In order to understand our processor,旷视 MegEngine 团队开发了一个工具 MegPeak,To help developers performance assessment,Development guidance, etc,目前已经开源.Click below to read the original,可了解更多 MegPeak 的使用方法、原理等.
GitHub项目地址:
https://github.com/MegEngine/MegPeak
MegPeak功能
通过 MegPeak ,The user can test the target processor:
指令的峰值带宽
指令延迟
Memory bandwidth
Any instructionCombine bandwidth
Although part of the above information can check related data through the chip data sheet,Then combined with the theoretical calculation get,But in many cases, unable to get the performance of the target processor detailed document,另外通过 MegPeak Measurement is more direct and accurate,Bandwidth and can test the specific assembly instructions.MegEngine 团队使用 MegPeak In several kinds of commonly used ARM 架构 CPU 上进行测试,According to the instructions fmla The test results of sorting out the table below.

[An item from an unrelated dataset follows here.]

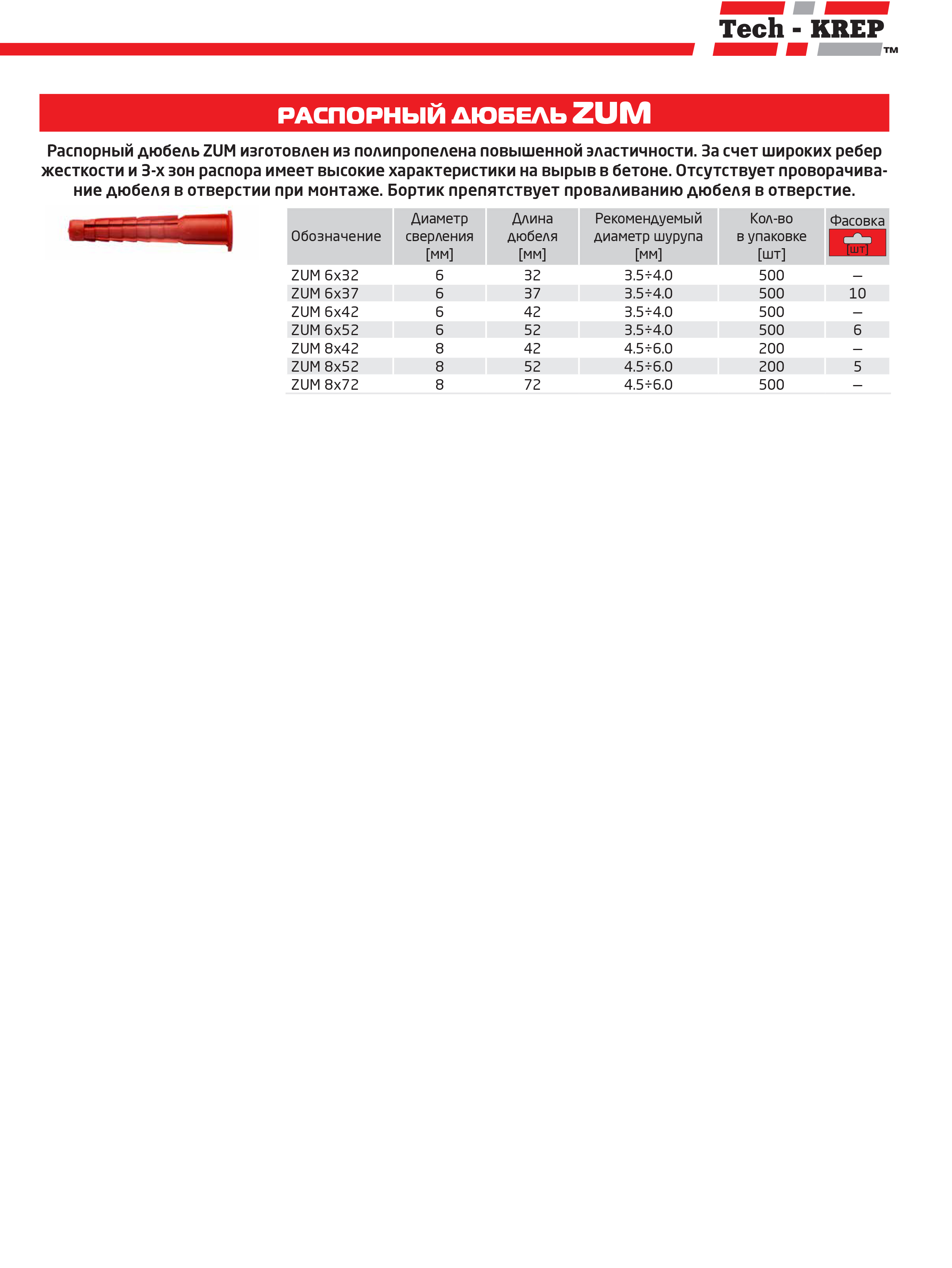 Дюбель универс. 6х37 полипропилен (уп.30шт) пакет Tech-Krep 102929

其中,GFLOPS Indicators to measure equipment is force,而 FLOPS/Cycle Indexes can help predict CPU 的硬件特征.下面以 A55/A77/Apple M1 分别举例说明.
A55:由于每条指令 fmla Can perform two floating-point arithmetic(Including one multiplication and addition),And testing FLOPS/Cycle 指标接近 8,Therefore, presumably A55 Backend execution unit has a 128 A floating point unit vector by adding or two 64 A floating point unit vector by add.
A77:其 FLOPS/Cycle Index is about 16,So each cycle A77 可以执行 2 条 SIMD 的 fmla 指令,So their backend has two SIMD fmla 执行单元,And the backend is at least double fired.
Apple M1:Apple M1 的 FLOPS/Cycle 指标达到了 32,That has 4 个 SIMD 执行单元.
用MegPeak测到的数据
可以用来干什么?
MegPeak You can test out the processor's memory bandwidth,The theoretical calculation of the instruction peak,Instruction information such as the delay,So can help us:
绘制 Roofline Model To guide our optimization model of performance
Assessment process optimization space
Explore the theory calculation of assembly instructions peak
另外 MegPeak You can also provide validation of the theory,If we through the processor frequency*Single-core single cycle instruction emission quantity*Each instruction execution can calculate the amount of calculation of theoretical calculation of peak,然后我们可以通过 MegPeak Actual measurement to verify.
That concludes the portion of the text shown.